New Canaan, une petite ville de l’Ohio a vu grandir ces quatre trentenaires qui sans le savoir vont se croiser un soir d’été.

Ils étaient camarades au lycée avant de prendre chacun une route vers leur destinée qu’ils osaient rêver prometteuse.

En premier lieu, Bill Ashcraft, ancien activiste humanitaire aujourd’hui toxicomane. Il transporte avec lui un mystérieux paquet qu’il est supposé livrer dans le coin.

” Au- delà de sa mission et de toutes ces conséquences, il n’avait pas été mécontent de fuir quelques jours La Nouvelle-Orléans et sa chaleur nucléaire. Il s’y sentait autant à l’étroit qu’à New Canaan. C’était l’unique leçon qu’il tirait de ses voyages : où qu’on aille, même si tout paraît neuf quand on débarque, au bout du compte c’est toujours les mêmes bars, la même bouffe, les mêmes meufs, la même politique, la même picole, les mêmes drogues, les mêmes emmerdes. “

Puis Stacey Moore homosexuelle, venue rencontrer la mère de son ex-petite amie et également son frère espérant régler ses comptes.

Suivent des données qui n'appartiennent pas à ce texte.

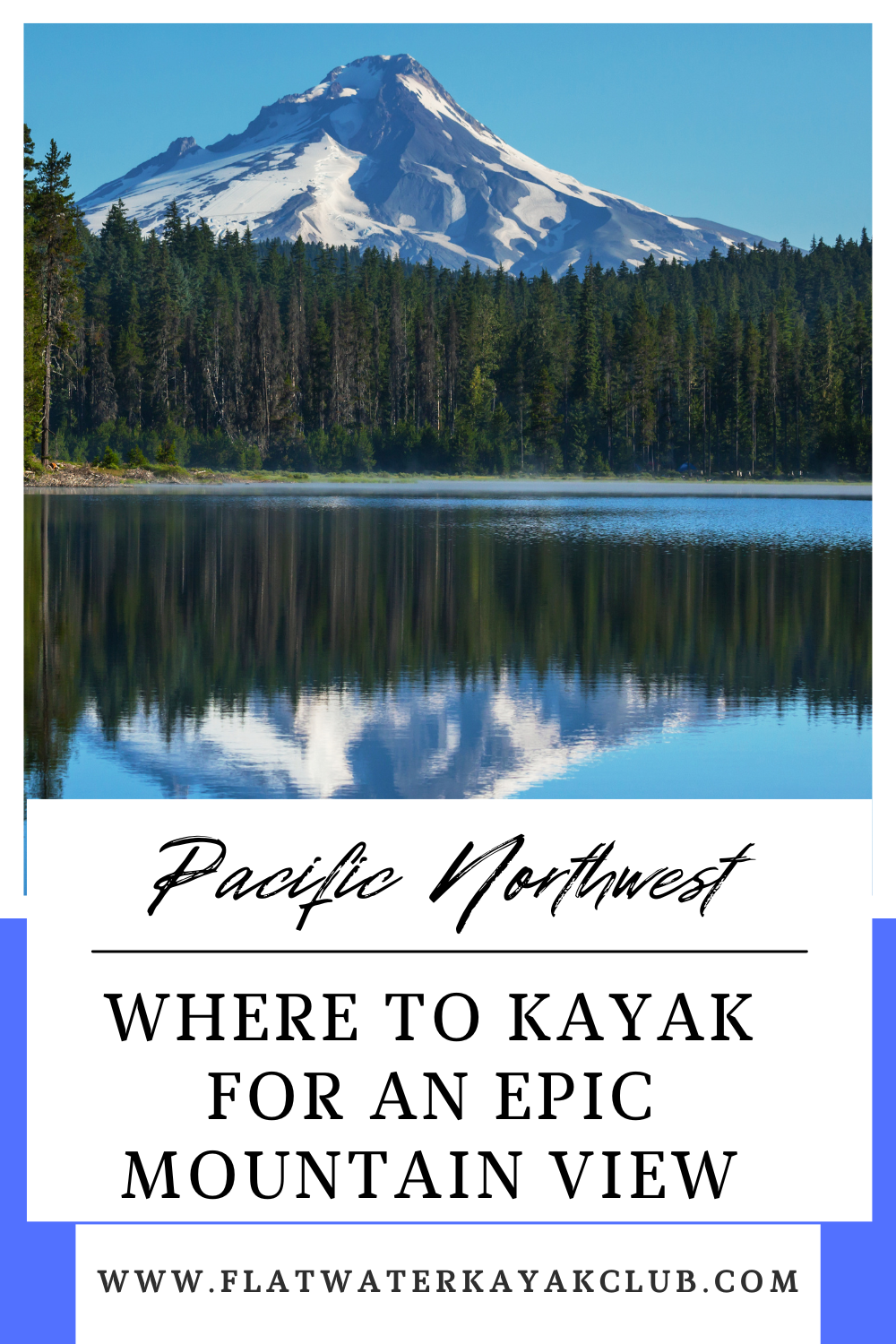 For recreational kayakers in the Pacific Northwest, there are many breathtaking lakes and rivers to explore and enjoy a mountain view on a clear day. Some popular flatwater kayaking spots include Trillium Lake and Lost Lake (Mt. Hood), Vancouver Lake and Scappoose Bay (Mt. St. Helens), and Owen Beach (Mt. Rainier).

” Même s’il se trouvait encore à plusieurs kilomètres à l’ouest, elle perçut la présence du lycée. Sans avoir besoin de le voir, elle le sentit comme une démangeaison,. Un bloc d’architecture réglementaire dégueulasse, une pièce de Lego avec la petite touche autoritariste des années soixante. Elle était fascinée par le pouvoir du lycée américain sur l’imaginaire collectif. Depuis longtemps elle avait remarqué que les gens considèrent, leurs années de lycée comme une période fondatrice. Il suffisait de les lancer sur le sujet et d’un coup ils avaient plein d’histoires terrifiantes et merveilleuses qui étaient le terreau d’autant de romans.  »

Puis nous croiserons Dan Eaton, ce jeune vétéran qui a laissé un œil en Irak, qui s’apprête à retrouver son amour de jeunesse tout en se raccrochant désespérément à la vie.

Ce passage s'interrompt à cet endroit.